Over/under-estimate rules applied backward
- What goes wrong: you say left sum overestimates for increasing functions.
- Why it’s wrong: for increasing functions, left endpoints are smaller heights.
- Fix: visualize: increasing graph → rectangles from the left sit below the curve.
Misidentifying a and b when converting a sum to an integral
- What goes wrong: you see \Delta x = \frac{2}{n} and assume [0,2] automatically.
- Why it’s wrong: the interval depends on the “starting shift” inside f(\cdot).
- Fix: match the input to a+i\Delta x or a+\left(i-\frac12\right)\Delta x.
Trapezoidal rule endpoint weights wrong
- What goes wrong: you multiply every term by 2, or forget the halving.
- Why it’s wrong: endpoints appear once, interior points twice.
- Fix: memorize the pattern 1,2,2,\dots,2,1 in brackets.

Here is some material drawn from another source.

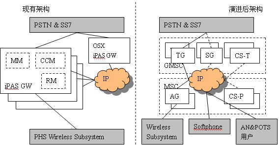GW軟件改造而來(lái),只需新增CS-P即可?偟膩(lái)說(shuō),核心網(wǎng)的演進(jìn)只是增加CS-P、擴(kuò)容CS-T、原有的iPAS GW軟件升級(jí)為TG/AG,就可以建立其一個(gè)具有多種終端接入能力的開(kāi)放性多媒體VoIP移動(dòng)軟交換網(wǎng)絡(luò),而原有的PHS系統(tǒng)功能又不會(huì)受到影響。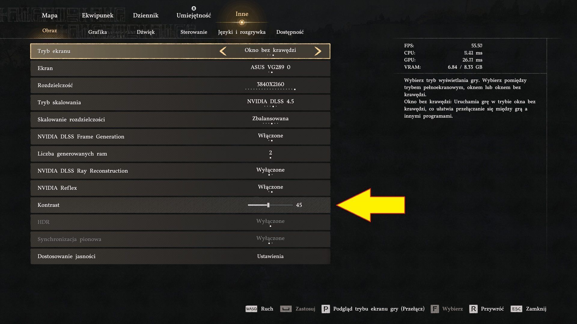 - Zmniejszcie domyślny kontrast gry

Memory Aids & Quick Tricks
| Trick / mnemonic | What it helps you remember | When to use it |
|---|---|---|
| “Increasing: Left Low, Right High” | If f increasing, L_n under, R_n over | quick error direction |
| “Decreasing: Left High, Right Low” | If f decreasing, L_n over, R_n under | quick error direction |
| “Cup up: Traps Top, Mids Miss low” | Concave up: T_n over, M_n under | trapezoid vs midpoint direction |
| Weights pattern 1,2,2,\dots,2,1 | Trapezoidal rule coefficients | computing T_n fast |
| Midpoint input form a+\left(i-\frac12\right)\Delta x | Recognize midpoint Riemann sums in sigma form | sum-to-integral problems |
| T_n = \frac{L_n+R_n}{2} | Trapezoids are the average of left and right sums | quick check / speed |
Quick Review Checklist
- You can write the general form \sum_{i=1}^n f(c_i)\Delta x_i and explain what c_i and \Delta x_i mean.
- For equal partitions, you instantly compute \Delta x = \frac{b-a}{n}.
- You know exactly which x-values LRAM uses (x_0 to x_{n-1}) and RRAM uses (x_1 to x_n).
- You can find midpoint x-values and set up M_n correctly.
- You remember trapezoidal rule and the endpoint weighting pattern.
- You can determine under/over-estimates using increasing/decreasing and concavity rules.
- You can convert \lim_{n\to\infty} \sum \cdots \Delta x into \int_a^b \cdots dx by matching \Delta x and the inside sample-point pattern.
- You don’t forget: definite integrals are signed unless the question asks for total area.
You’ve got this—Riemann sums are all about clean setup and pattern recognition.